Conventional wisdom holds that Medicare Advantage saves the government money by bringing a private-sector insurer’s focus on efficiency to the more freewheeling federal Medicare program.
But that progress may have way more to do with the types of people who elect Medicare Advantage coverage — and much less to do with the cost-cutting strategies of insurers, according to a new study from the Kaiser Family Foundation.
“This study suggests that differences in health care use, and spending, are evident before beneficiaries decided to enroll in Medicare Advantage plans or remain in traditional Medicare, raising questions about the extent to which plans are actually lowering spending or managing care,” the authors — Kaiser’s Gretchen Jacobson, Tricia Neuman, and Anthony Damico — wrote in their findings, published Tuesday.
Using 2015 and 2016 Medicare data, the team looked at the differences in spending between traditional Medicare and MA plans across a variety of demographics and conditions. Overall, each person who switched to a managed plan in 2016 had actually cost the government $1,253 less than the average Medicare beneficiary in 2015 — meaning they were already a lower-cost option regardless of their Medicare status. The effect holds for beneficiaries with specific health conditions, including diabetes, asthma, and even breast or prostate cancer, the researchers found.
The observation works in the other direction as well. The Kaiser team took a dive into so-called dual-eligible beneficiaries, or those who qualify for both Medicare and Medicaid. This population represents a costly problem for the government and insurers to solve, as dual-eligibles generally have multiple chronic conditions and more precarious living circumstances.
The highest-cost dual-eligibles were more likely to stay in traditional Medicare between 2015 and 2016, Kaiser found, thus helping to reinforce the selection-bias effect of reduced Medicare Advantage spending; lower-cost partial dual-eligibles were more likely to opt into MA.
“The results suggest that favorable self-selection into Medicare Advantage plans is occurring, even among traditional Medicare beneficiaries with similar health conditions,” the team concluded. “The findings raise questions as to why beneficiaries who are higher utilizers are less likely to go into Medicare Advantage and instead remain in traditional Medicare.”

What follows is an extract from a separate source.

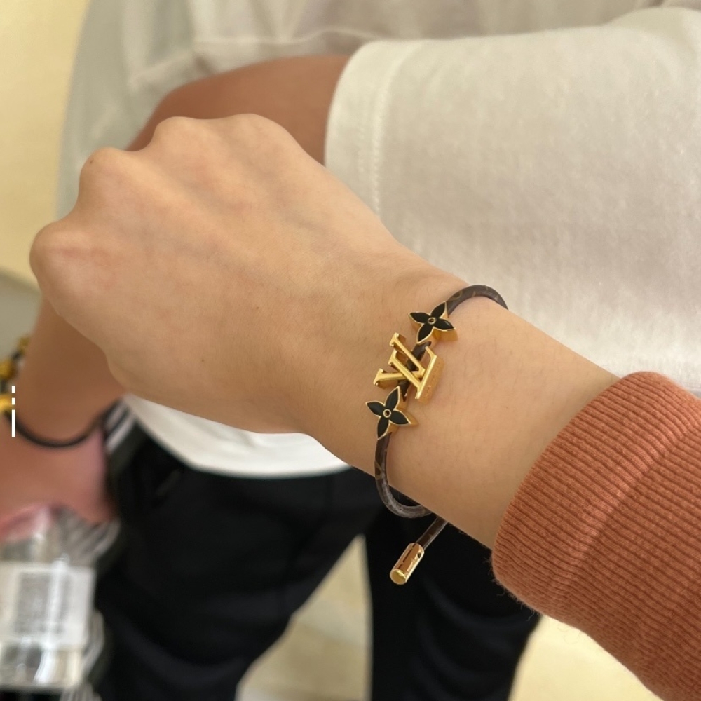 Louis Vuitton LV Iconic Bracelet Monogram Brown / Gold metal / Monogram Flowers / Fit Daily Essentials / Luxury Jewelry

The answer to that question could have significant ramifications for the government and providers. If Medicare Advantage continues to serve relatively healthier enrollees who cost the government less money than their Medicare counterparts, the team argues, the Centers for Medicare & Medicaid Services (CMS) could be overestimating expected MA costs to the tune of billions.
“To illustrate, if the difference in average Medicare spending ($1,253) applied to just 10% of all Medicare Advantage enrollees in 2016, or 1.8 million enrollees, it would amount to more than $2 billion in excess spending in one year alone,” the group noted.
There were some regional wrinkles in the analysis, however. In multiple large markets across the country, higher-cost Medicare beneficiaries were the ones electing to switch to Medicare Advantage — including Pittsburgh, Buffalo, Baltimore, and Charlotte, N.C.
The Kaiser researchers also identified a potential opportunity for Institutional Special Needs Plans (I-SNPs), or special Medicare Advantage plans designed to cover residents in nursing homes and other institutional settings. Nursing facility residents who elected to switch to MA in 2016 actually cost traditional Medicare $1,825 less than average in the previous year, illustrating a potential reason why the plans have risen in popularity in recent years.
“If higher-cost nursing home residents are remaining in traditional Medicare while lower-cost residents are moving to Medicare Advantage plans, it could make it easier for Medicare Advantage plans serving the nursing home population to be profitable,” they wrote.